Mis piernas me arrojaron con celeridad sobre su cuerpo, para que mis manos tomaran del caudal de agua bajo nuestros pies y sanaran su herida. Pero era tarde, demasiado tarde. El agua limpiaba la sangre de su cuerpo tendido sobre el riachuelo, tiñendo de rojo las aguas que se alejaban. Sus ojos me observaban vacíos de vida. ¿Por qué Evan?, ¿por qué tenía que haber sido precisamente él, mi “joven guerrero”? ¿Por qué sentía que me habían desgarrado el pecho con un cuchillo al rojo vivo?
—¡Basta de sentimentalismos! Haz lo que te he dicho o acabaré con todos ellos. – no podía apartar la mirada del rostro de Evan, la piel de sus mejillas se estaba empezando a enfriar bajo mis dedos. El agua que podía sanar sus heridas, el que le mantenía joven a mi lado, se estaba llevando el calor del cuerpo al que me aferraba. Mis lágrimas resbalaban por mi cara para saltar sobre su inexpresivo rostro. Una de ellas golpeó uno de sus ojos aún abiertos, haciendo que el sol se reflejara sobre aquella pequeña gota, dándole por un instante una chispa de brillo a su retina. Y entonces lo supe. Pagaría el precio.

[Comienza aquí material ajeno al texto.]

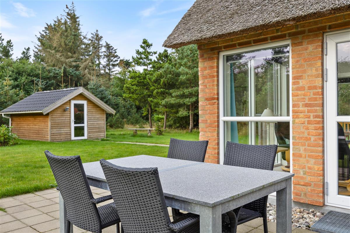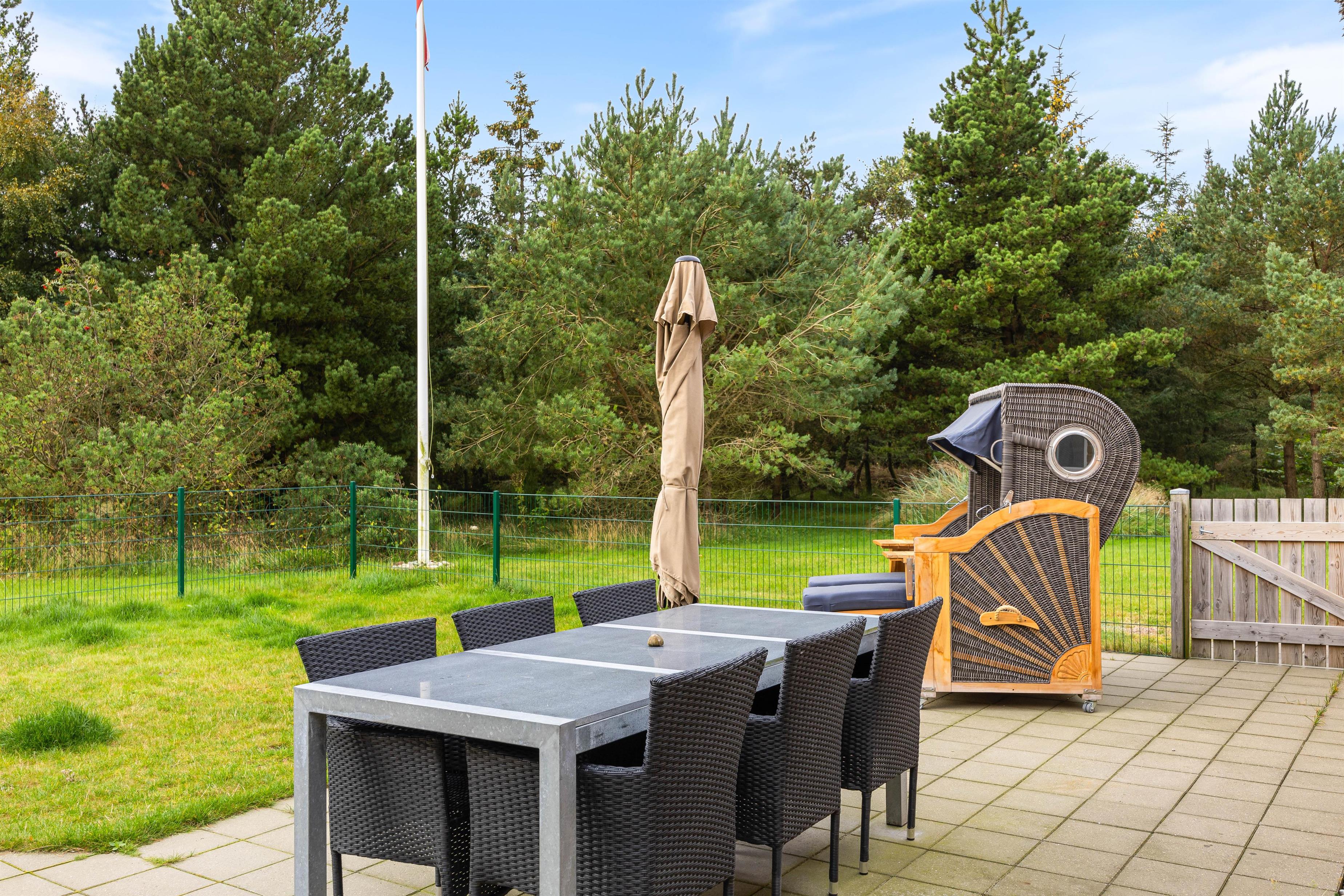The holiday home at Sdr. Fjandvej 10 sits on a large plot with beautiful south and east-facing terraces. The east-facing terrace is open, perfect for enjoying your first coffee of the day while watching the sunrise. The south-facing terrace is fenced, allowing you to relax in the sun with a cold drink without worrying about your dog or children wandering off. The holiday home also includes a gas barbecue for ending an eventful day with an outdoor meal.
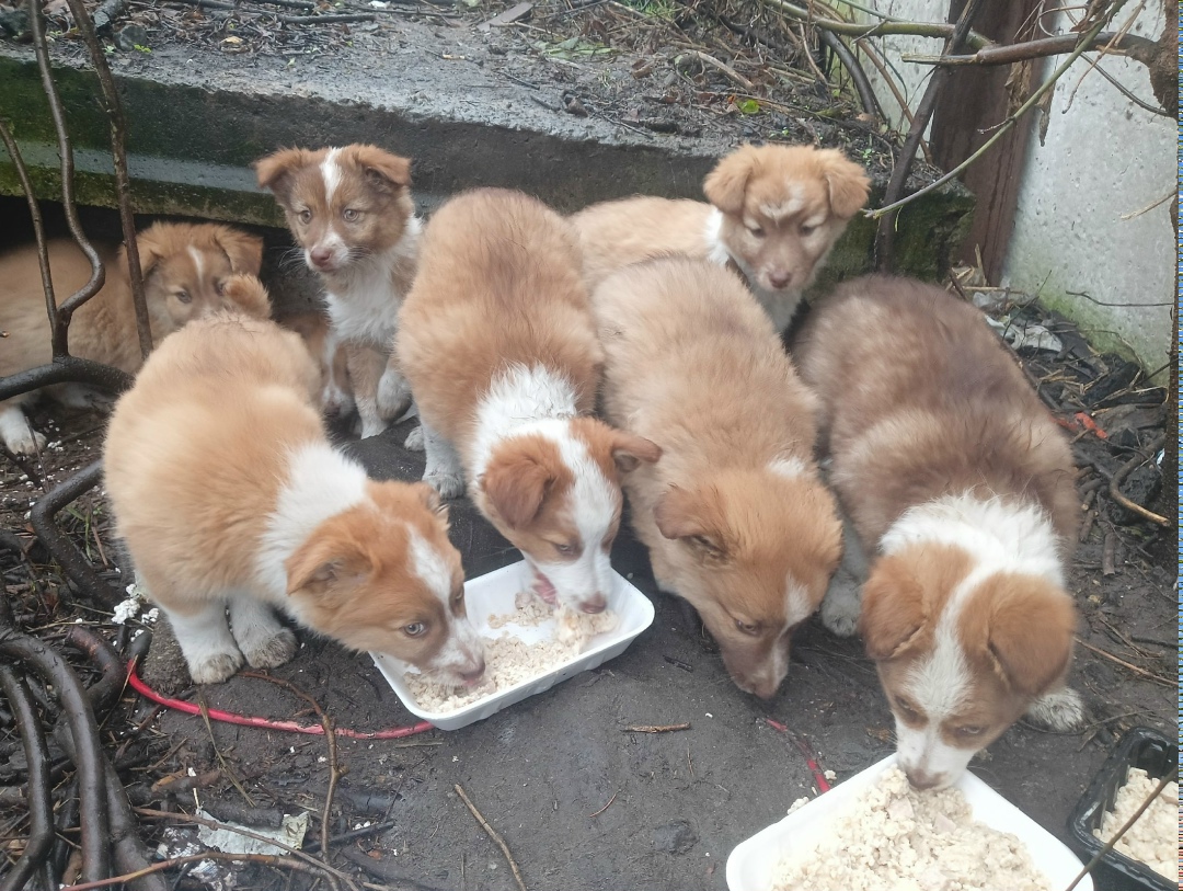 Срочно ищут дом малыши-карандаши‼️ Примерно в сентябре к гаражам прибилась молоденькая собачка, как оказалась, недалеко она ощенила 8 замечательных малышей, все выжили, подросли (примерно 2,5 месяца), окрепли и даже научились подавать голос (очень стараются защищать свою территорию), кушают с большим аппетитом сваренную им кашу, молоко, бульон, корм (да все)
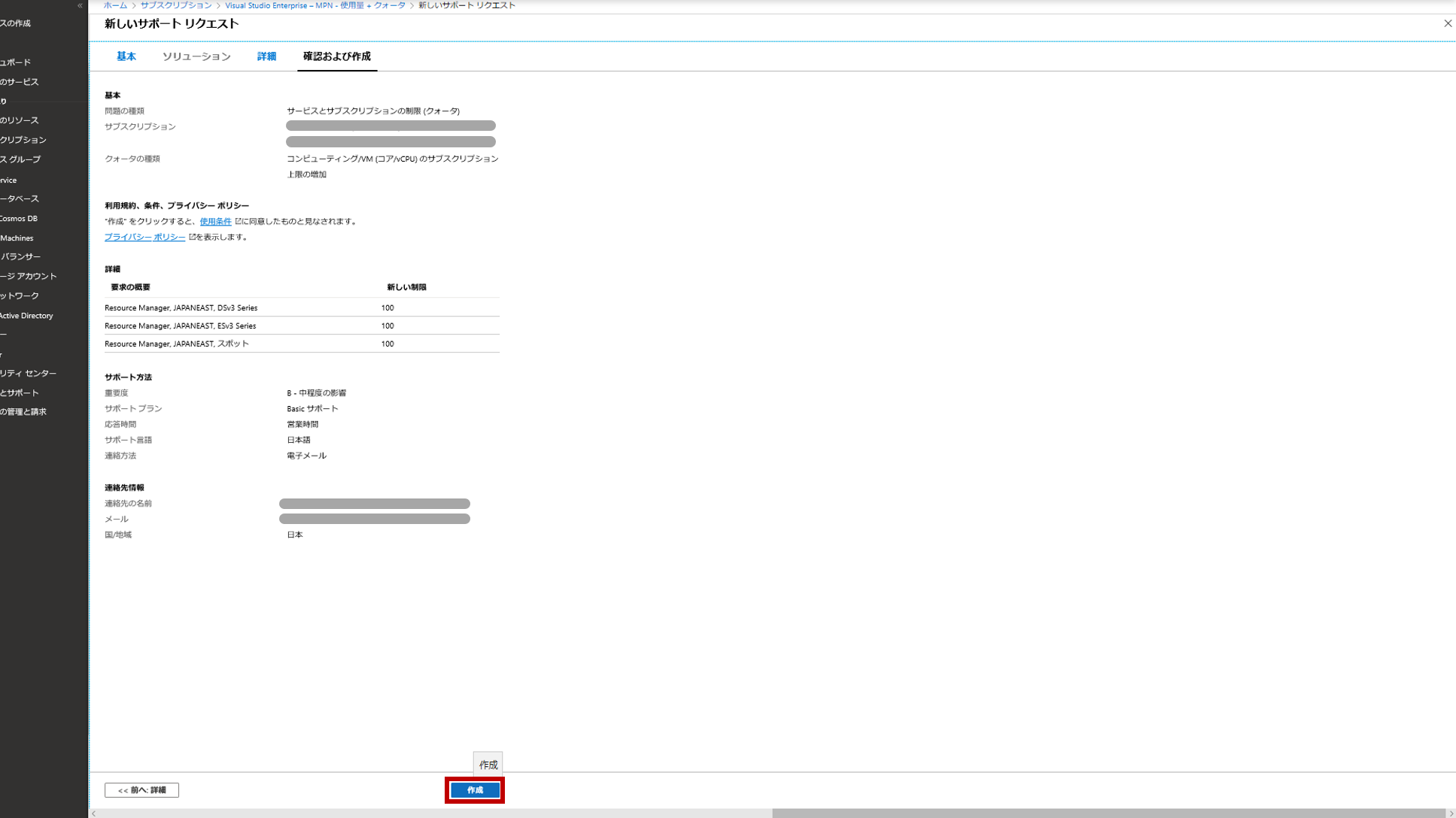 - 入力内容に間違いがないことを確認し、[作成] を選択します。

—¡Arriba! – sentí un fuerte tirón en mi brazo, que tiraba de mí hacia arriba, obligándome a luchar en su contra y lazándome sobre los labios de Evan. Mi boca abrió la suya, para dejar que la vida que me sustentaba fluyese hacia su cuerpo. El aliento de la vida lo llamaba mi madre. Sentí como toda la energía que había en mi me abandonaba, debilitándome, drenándome. La luz que nos envolvía se fue apagando, no sentía el calor del sol sobre mi piel, no sentía el viento moviendo mis cabellos, el aire no entraba ya en mis pulmones para alimentar las células de mi cuerpo. Este mundo se escapaba de mí, o más bien yo de él, pero lo hacía feliz, porque lo último que vi, fue el intenso azul topacio brillando en los ojos de Evan, mi Evan. Él viviría.